Jobs are running again.
[Edit] There was a fault introduced into a configuration file. It has been corrected and should not recur. [/Edit]
ID: 44384 · Report as offensive     Reply Quote
bozz4science

Send message
Joined: 3 May 20
Posts: 8
Credit: 494,285
RAC: 56
Message 44385 - Posted: 24 Feb 2021, 23:26:13 UTC
Last modified: 24 Feb 2021, 23:26:47 UTC

I just checked my work results, and it seems that I have 70 CMS faulty tasks that all errored out after ~1000 sec. So can I assume this is connected to the said condor problem?
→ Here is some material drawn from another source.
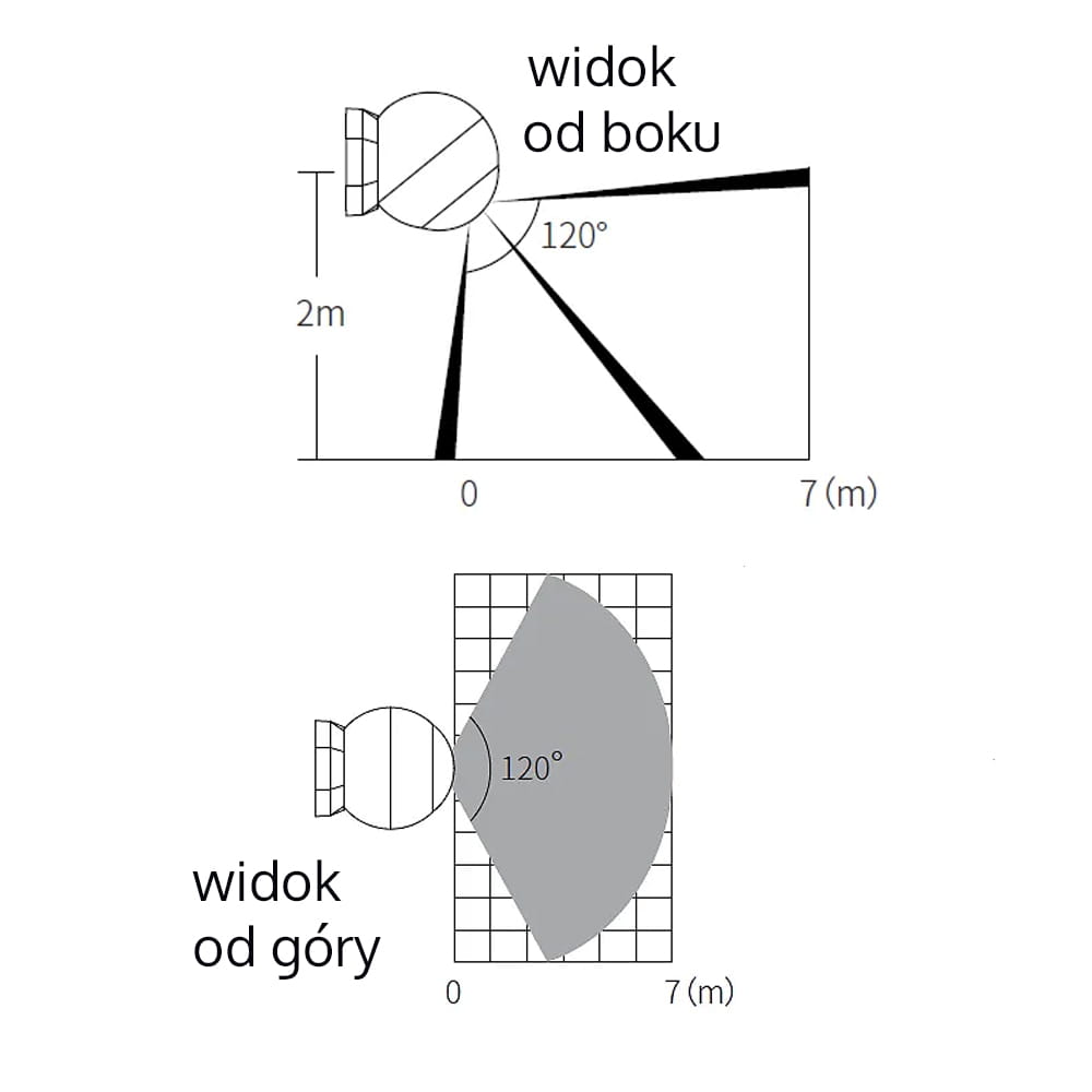 - Kąt detekcji czujnika to 120 stopni

If so, why weren't jobs cancelled then?

Still, happy to see that the issue has been resolved meanwhile and CMS WU are crunching fine again.
ID: 44385 · Report as offensive     Reply Quote
computezrmle
Volunteer moderator
Volunteer developer
Volunteer tester
Avatar

Send message
Joined: 15 Jun 08
Posts: 1982
Credit: 142,944,074
RAC: 99,435
Message 44387 - Posted: 25 Feb 2021, 7:25:01 UTC - in response to Message 44385.  

So can I assume this is connected to the said condor problem?

Most likely yes, but since your computers are hidden the logfiles can't be checked for other reasons.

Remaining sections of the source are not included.